Убивать фору на запруженных вечерних улицах большого города, задача не из самых сложных. Настиг я диких (в том, что это именно отмороженные ребятишки Урмана, даже не сомневался) достаточно быстро, уже на перекрёстке возле краеведческого музея. Там как раз для нашего потока загорелся красный, и справа на встречную полосу поползли красная фура с символикой «Кока-колы» на борту, а за ней — вызывающе роскошный (консерваторское фортепьяно, да и только) «лексус» траурных цветов.
«Хонда» нервно рычала, била копытом, но стояла, деться ей было некуда: сзади прижимал я, впереди маячил микроавтобус какой-то городской технической службы, в соседнем ряду машины стояли плотно и мешали смыться вправо. Я уже, признаться, находился в предвкушении скорой расправы, бормотал на мотив оперного героя что-то вроде «Ага-ага, приплыли ребятишки, сейчас-сейчас чехлить вас будем» и прикидывал, как и где их прижать потолковее. Но фиг там. В какой-то момент «хонда» под возмущённые фа-фа законопослушных участников дорожного движения неожиданно ловко вывернула из ряда влево, нырнула через две сплошных полосы разметки в узкий интервал между фурой и «лексусом», выехала по дуге на тротуар и помчалась на всех парах к реке, на площадку, где стоит памятник Александру Третьему. В результате столь лихих и — вот уж точное слово — диких выкрутасов в зад резко затормозившему «лексусу» воткнулась ползущая следом «девятка» и всё движение встало. Воспользовавшись переполохом, я ударил по газам и — простите, извините, виноват, пардон — повторил дерзкий манёвр «хонды».
А та уже, распугивая беспечно фланирующих по набережной праздных горожан, неслась к узкой насыпи, ведущей прямиком на остров Юность. Поначалу это меня даже обрадовало, поскольку из такого мешка деться вампирам теперь было реально некуда. И бросая болид вниз по ступенькам, ведущим к перешейку, я был убеждён, что теперь уж точно прижму гадёнышей к ногтю. Они в тупике, я на взводе, в обойме кольта достаточное количество заговорённого серебра — что ещё нужно, чтобы получить ответы на все вопросы? Ничего.
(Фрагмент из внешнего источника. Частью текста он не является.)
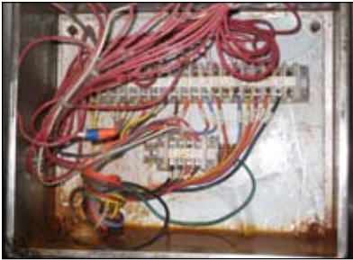
Water accumulation in electrical cabinet
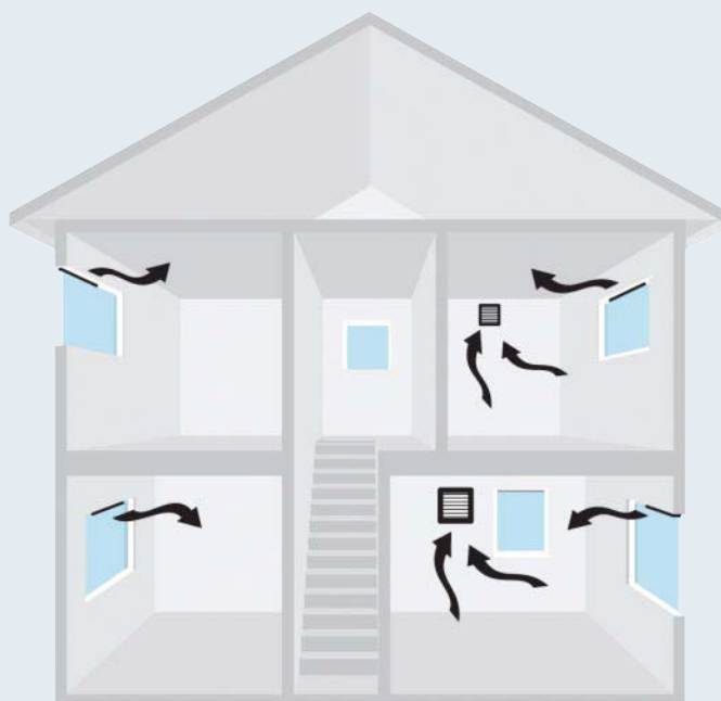
System 1 - Background (trickle) ventilators and intermittent extract fans
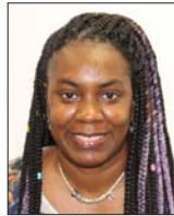
Kenya Coles Eastern Long Island Hospital
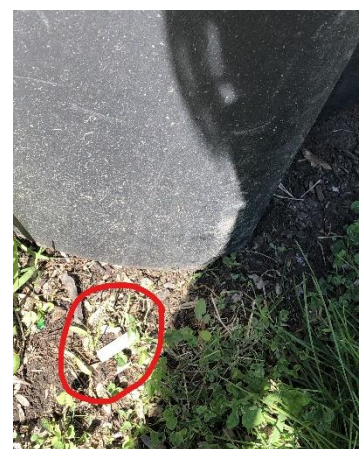
Photo 6: Mahoney Park cigarette butt near trash receptacle; no Play Tobacco Free signage
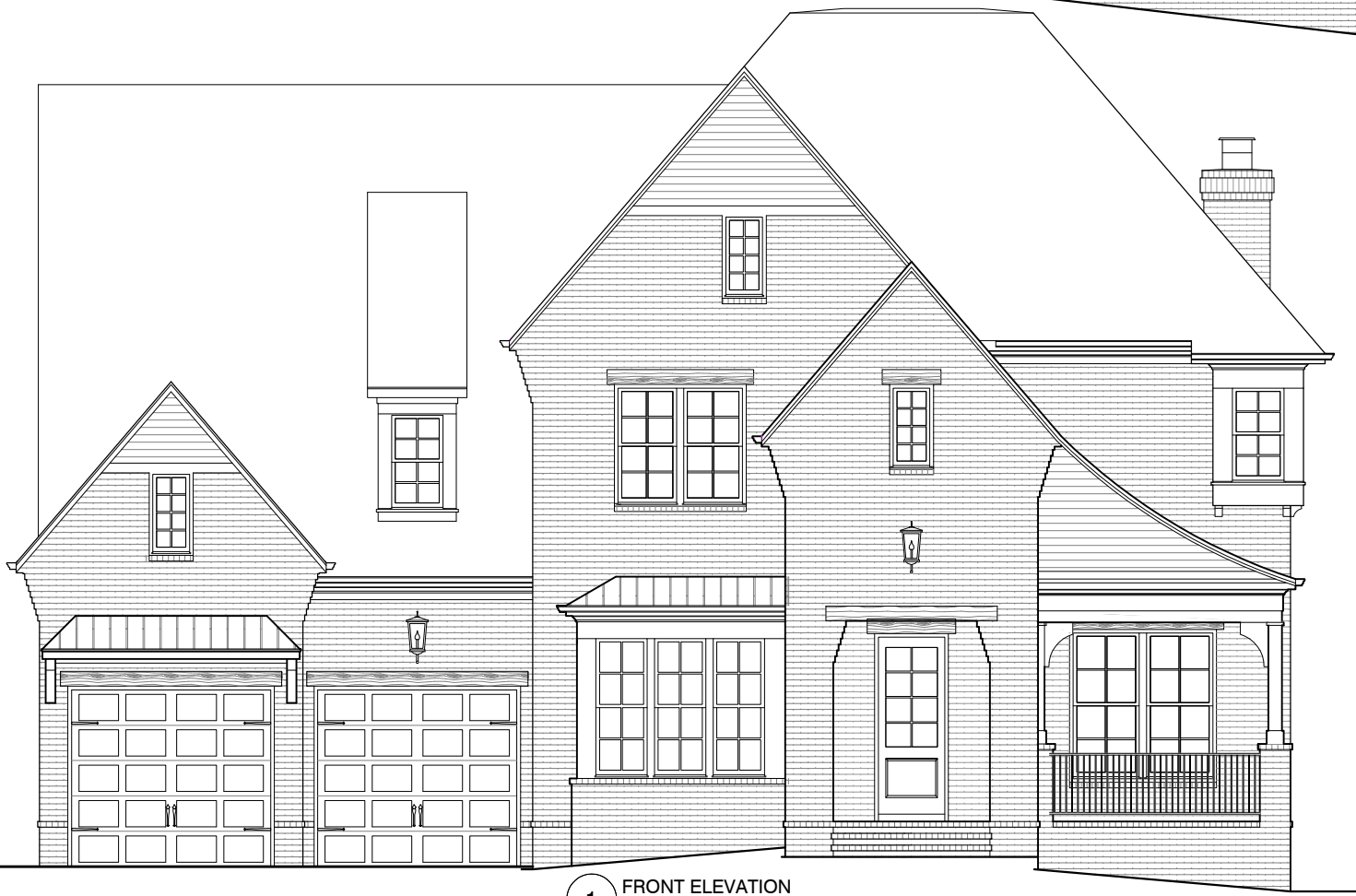
1 FRONT ELEVATION 1/8" = 1'-0"
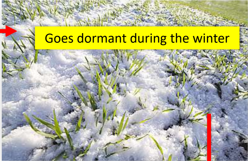
Goes dormant during the winter
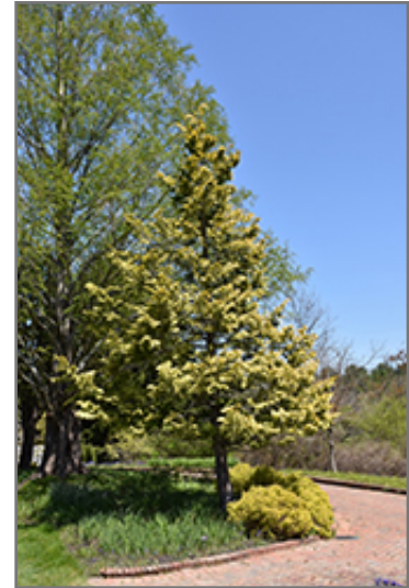
Cripps Gold Falsecypress

This tree does best in full sun to partial shade. It prefers to grow in average to moist conditions, and shouldn't be allowed to dry out. It is not particular as to soil type or pH. It is highly tolerant of urban pollution and will even thrive in inner city environments, and will benefit from being planted in a relatively sheltered location. Consider applying a thick mulch around the root zone in winter to protect it in exposed locations or colder microclimates. This is a selected variety of a species not originally from North America.
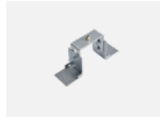
04-20900, F bracket for installation of suspended type of profile as recessed trimless
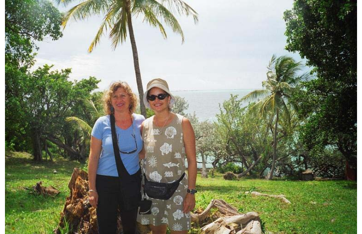
Two of the Happy Divers
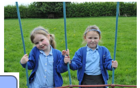
JOY 'A happy heart makes the face cheerful.' Proverbs 15:13
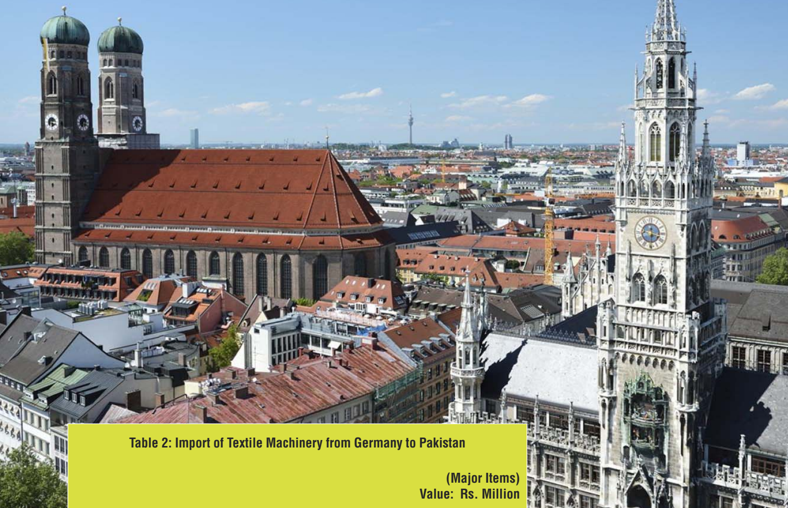
Table 2: Import of Textile Machinery from Germany to Pakistan
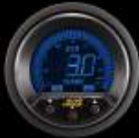
488BO (BAR/PSI) ELECTRICAL BOOST GAUGE W/ SENSOR

52mm BLUE / RED / WHITE / GREEN LCD GAUGE SERIES WITH WARNING & PEAK
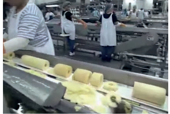
Conveying of cut pineapples on ESPOT belt with sealed edges.
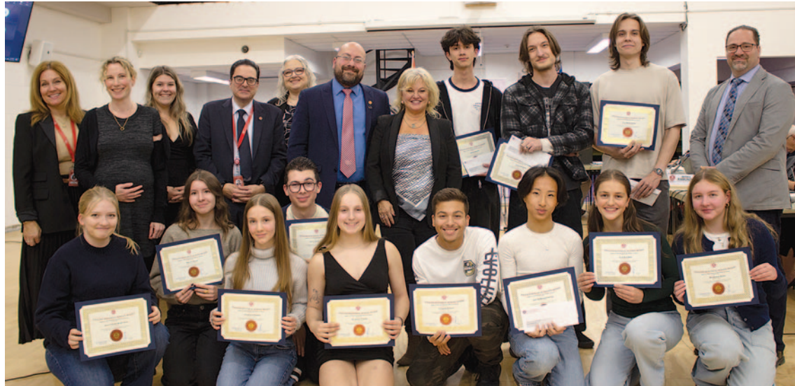
À la lumière des données de l'année scolaire 2024-2025, 13 élèves de 4 e secondaire et 2 élèves de 5 e secondaire ont été honorés pour avoir obtenu la note de 100 %.

Au total, on compte 6 élèves du Collège Vincent Massey à Rosemont, 4 élèves de l'Académie Royal West à Montréal-Ouest, 3 élèves de l'école secondaire M.I.N.D. sur Le Plateau et 2 élèves de l'Académie internationale Marymount à NDG.
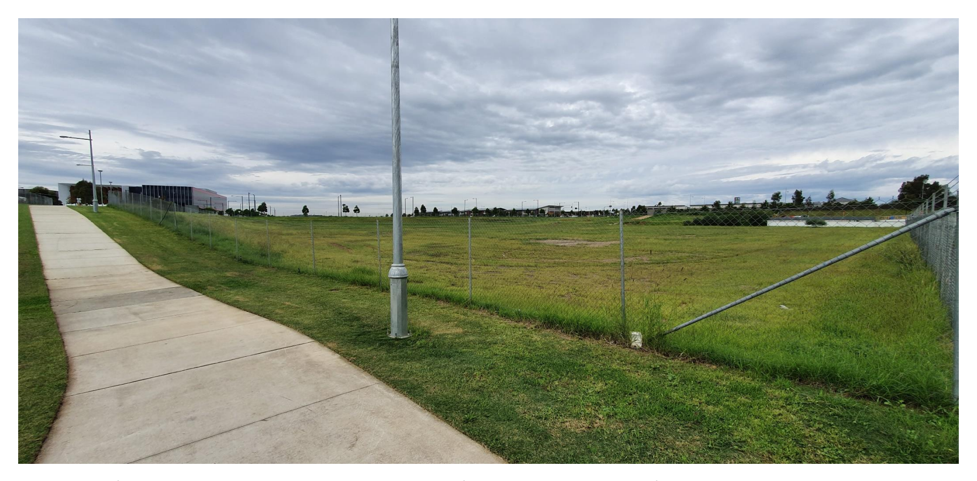
Figure 10: View from existing pedestrian pathway on the northern edge of the subject site at the corner of the existing Podium shopping centre, in the approximate location of the future pedestrian path. Facing south easterly, the vacant portion of the site is visible.
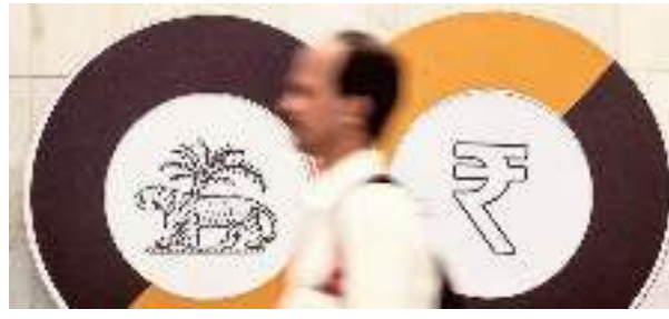
EXTENDED COVERAGE. RBI's directions are applicable to commercial banks, co-operative banks, NBFCs and All India Financial Institutions

The 20 impacted sectors hit by US' steep tariffs include fisheries, organic chemicals,
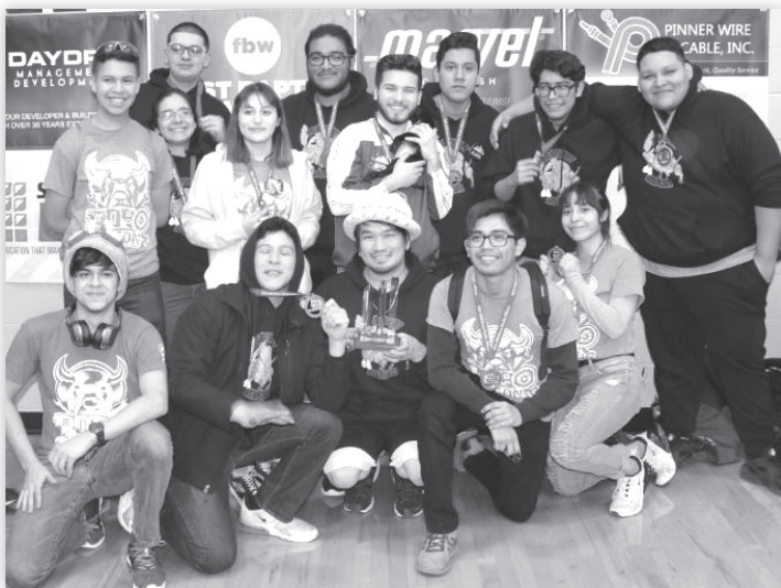
Sunset 2020 Robotics Team
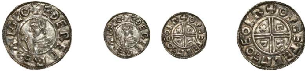
53 York , Asketill, OSCETEL M o EOFR, reads EDERED, 1.24g/1h (cf. BEH 809; N 770 var.; S 1149). Better than very fine, very rare £300-£400
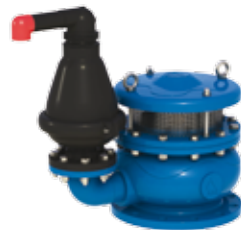
VB-060 + D-025

Please see the table below for all the additional air valve options available.
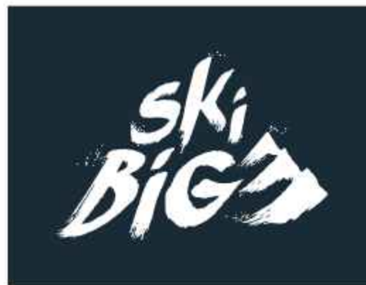
SkiBig3 Logo - White
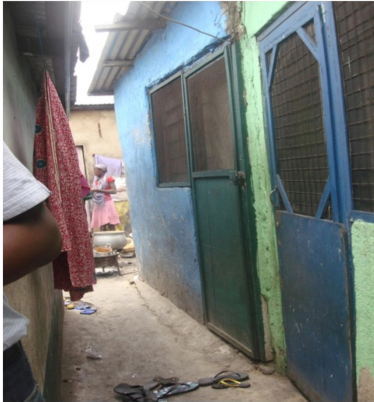
Figure 2 A multi-tenement structure in an informal settlement. Single windows on only one side of the building result in poor ventilation. Single rooms are occupied by families and lack privacy.
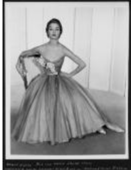
Blue and Green Gauze Dress (KA0018_000026)
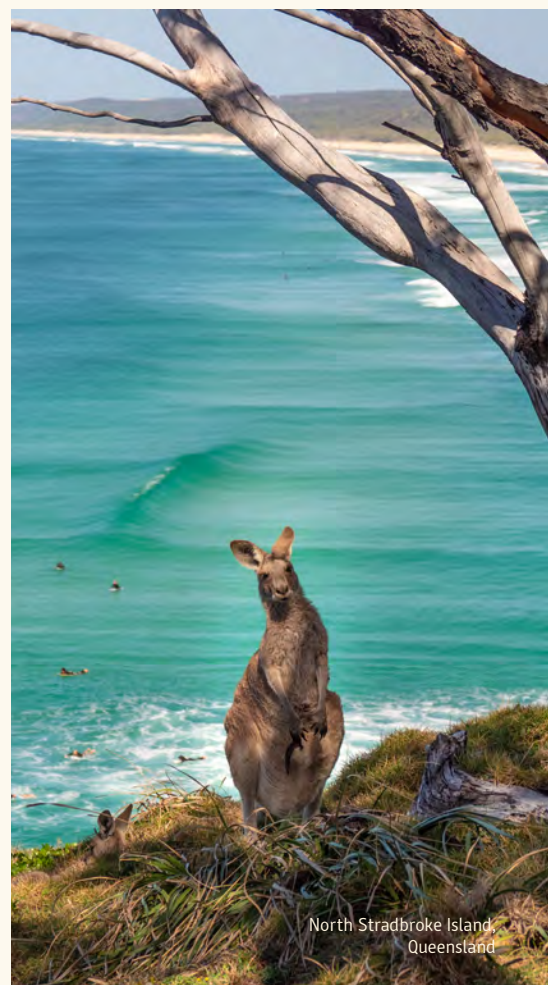
North Stradbroke Island, Queensland
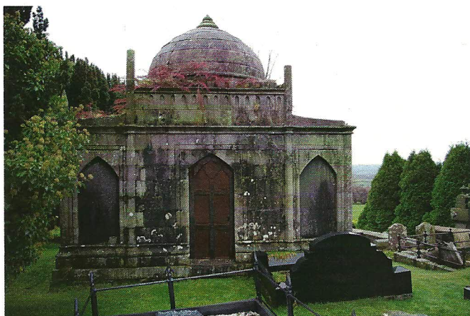
The Stephenson Mausoleum at Kilbride
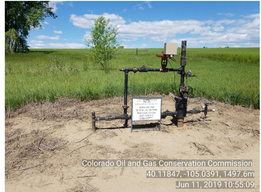
Photo 8 WH
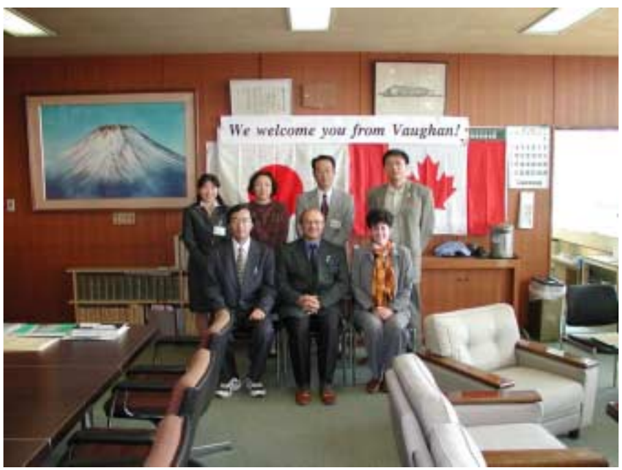
Vaughan delegation in Daisan Junior High School, Sanjo, Japan

Однако и на этот раз мои хрустальные чаяния разбились о жестокий бетон реальности. До острова оставалось не более тридцати метров, как откуда ни возьмись — да чтоб тебя! — объявился между «хондой» и моим болидом пацанёнок с удочкой. Увидев прущий на него автомобиль, он заметался, словно высвеченный фарами заяц, и дальше всё как в замедленном и дурном кино: я туда и он туда, я сюда и он сюда. Нет, предчувствую, не разминёмся, зацеплю козявку. И очень хорошо понимаю, что надо предпринимать нечто срочное, поскольку рыбачка мама дома ждёт, а маму огорчать нельзя. Мам никогда и ни при каких обстоятельствах огорчать нельзя. И на то, чтобы маму не огорчить, у меня доли секунды. Рычу от напряжения и так решаю: тормозить смысла нет, нужно уходить и уходить, допустим, вправо. Сказано — сделано. Руль быстро-быстро-быстро по часовой до упора, ну а дальше ясно: никчёмное ограждение к чёрту, колёса лижут воздух, и вот уже мой ни в чём не повинный болид летит над холодною тёмною водой.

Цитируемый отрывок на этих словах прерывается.